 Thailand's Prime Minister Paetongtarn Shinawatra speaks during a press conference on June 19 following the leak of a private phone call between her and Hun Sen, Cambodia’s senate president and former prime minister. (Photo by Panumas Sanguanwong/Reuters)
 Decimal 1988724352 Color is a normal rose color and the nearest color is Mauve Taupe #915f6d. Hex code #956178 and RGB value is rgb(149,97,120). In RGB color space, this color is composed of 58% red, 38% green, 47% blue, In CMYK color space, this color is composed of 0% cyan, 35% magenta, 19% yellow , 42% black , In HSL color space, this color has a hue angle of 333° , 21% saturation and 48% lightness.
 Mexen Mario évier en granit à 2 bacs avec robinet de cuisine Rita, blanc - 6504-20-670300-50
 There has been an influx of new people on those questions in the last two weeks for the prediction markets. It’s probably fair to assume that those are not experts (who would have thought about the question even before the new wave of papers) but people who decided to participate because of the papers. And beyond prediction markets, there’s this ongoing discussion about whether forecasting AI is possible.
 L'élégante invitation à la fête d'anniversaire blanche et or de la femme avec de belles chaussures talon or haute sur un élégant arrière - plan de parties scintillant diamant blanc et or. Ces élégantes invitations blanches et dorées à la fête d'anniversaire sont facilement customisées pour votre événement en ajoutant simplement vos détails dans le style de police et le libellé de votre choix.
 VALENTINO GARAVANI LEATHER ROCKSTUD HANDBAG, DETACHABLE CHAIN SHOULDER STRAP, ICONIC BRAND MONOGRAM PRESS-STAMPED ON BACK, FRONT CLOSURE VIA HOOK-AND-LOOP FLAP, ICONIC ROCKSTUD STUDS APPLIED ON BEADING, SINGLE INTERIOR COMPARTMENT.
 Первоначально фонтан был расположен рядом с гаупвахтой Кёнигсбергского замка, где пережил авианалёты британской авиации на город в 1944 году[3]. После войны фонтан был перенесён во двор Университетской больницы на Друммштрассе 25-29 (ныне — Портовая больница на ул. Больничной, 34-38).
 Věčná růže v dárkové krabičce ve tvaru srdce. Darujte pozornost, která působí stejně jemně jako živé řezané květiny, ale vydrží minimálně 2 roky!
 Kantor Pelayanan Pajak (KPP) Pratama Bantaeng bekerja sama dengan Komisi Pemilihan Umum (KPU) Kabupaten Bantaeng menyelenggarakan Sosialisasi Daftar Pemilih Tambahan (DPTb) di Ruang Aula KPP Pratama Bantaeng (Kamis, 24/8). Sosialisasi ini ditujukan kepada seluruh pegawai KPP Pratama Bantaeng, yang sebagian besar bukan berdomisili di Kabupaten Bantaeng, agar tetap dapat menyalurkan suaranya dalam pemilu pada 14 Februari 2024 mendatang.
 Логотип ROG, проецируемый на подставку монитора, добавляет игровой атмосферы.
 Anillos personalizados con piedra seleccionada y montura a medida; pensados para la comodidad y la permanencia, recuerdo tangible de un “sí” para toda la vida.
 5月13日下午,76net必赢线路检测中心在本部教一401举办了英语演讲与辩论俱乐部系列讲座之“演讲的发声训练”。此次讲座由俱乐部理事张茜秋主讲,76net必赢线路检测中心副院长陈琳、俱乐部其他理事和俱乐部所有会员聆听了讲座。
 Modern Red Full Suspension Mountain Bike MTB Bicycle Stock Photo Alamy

_ _ _ _

Activity: Output the full set of entries exactly as they were given.

Task output:
 Thailand's Prime Minister Paetongtarn Shinawatra speaks during a press conference on June 19 following the leak of a private phone call between her and Hun Sen, Cambodia’s senate president and former prime minister. (Photo by Panumas Sanguanwong/Reuters)
 Decimal 1988724352 Color is a normal rose color and the nearest color is Mauve Taupe #915f6d. Hex code #956178 and RGB value is rgb(149,97,120). In RGB color space, this color is composed of 58% red, 38% green, 47% blue, In CMYK color space, this color is composed of 0% cyan, 35% magenta, 19% yellow , 42% black , In HSL color space, this color has a hue angle of 333° , 21% saturation and 48% lightness.
 Mexen Mario évier en granit à 2 bacs avec robinet de cuisine Rita, blanc - 6504-20-670300-50
 There has been an influx of new people on those questions in the last two weeks for the prediction markets. It’s probably fair to assume that those are not experts (who would have thought about the question even before the new wave of papers) but people who decided to participate because of the papers. And beyond prediction markets, there’s this ongoing discussion about whether forecasting AI is possible.
 L'élégante invitation à la fête d'anniversaire blanche et or de la femme avec de belles chaussures talon or haute sur un élégant arrière - plan de parties scintillant diamant blanc et or. Ces élégantes invitations blanches et dorées à la fête d'anniversaire sont facilement customisées pour votre événement en ajoutant simplement vos détails dans le style de police et le libellé de votre choix.
 VALENTINO GARAVANI LEATHER ROCKSTUD HANDBAG, DETACHABLE CHAIN SHOULDER STRAP, ICONIC BRAND MONOGRAM PRESS-STAMPED ON BACK, FRONT CLOSURE VIA HOOK-AND-LOOP FLAP, ICONIC ROCKSTUD STUDS APPLIED ON BEADING, SINGLE INTERIOR COMPARTMENT.
 Первоначально фонтан был расположен рядом с гаупвахтой Кёнигсбергского замка, где пережил авианалёты британской авиации на город в 1944 году[3]. После войны фонтан был перенесён во двор Университетской больницы на Друммштрассе 25-29 (ныне — Портовая больница на ул. Больничной, 34-38).
 Věčná růže v dárkové krabičce ve tvaru srdce. Darujte pozornost, která působí stejně jemně jako živé řezané květiny, ale vydrží minimálně 2 roky!
 Kantor Pelayanan Pajak (KPP) Pratama Bantaeng bekerja sama dengan Komisi Pemilihan Umum (KPU) Kabupaten Bantaeng menyelenggarakan Sosialisasi Daftar Pemilih Tambahan (DPTb) di Ruang Aula KPP Pratama Bantaeng (Kamis, 24/8). Sosialisasi ini ditujukan kepada seluruh pegawai KPP Pratama Bantaeng, yang sebagian besar bukan berdomisili di Kabupaten Bantaeng, agar tetap dapat menyalurkan suaranya dalam pemilu pada 14 Februari 2024 mendatang.
 Логотип ROG, проецируемый на подставку монитора, добавляет игровой атмосферы.
 Anillos personalizados con piedra seleccionada y montura a medida; pensados para la comodidad y la permanencia, recuerdo tangible de un “sí” para toda la vida.
 5月13日下午,76net必赢线路检测中心在本部教一401举办了英语演讲与辩论俱乐部系列讲座之“演讲的发声训练”。此次讲座由俱乐部理事张茜秋主讲,76net必赢线路检测中心副院长陈琳、俱乐部其他理事和俱乐部所有会员聆听了讲座。
 Modern Red Full Suspension Mountain Bike MTB Bicycle Stock Photo Alamy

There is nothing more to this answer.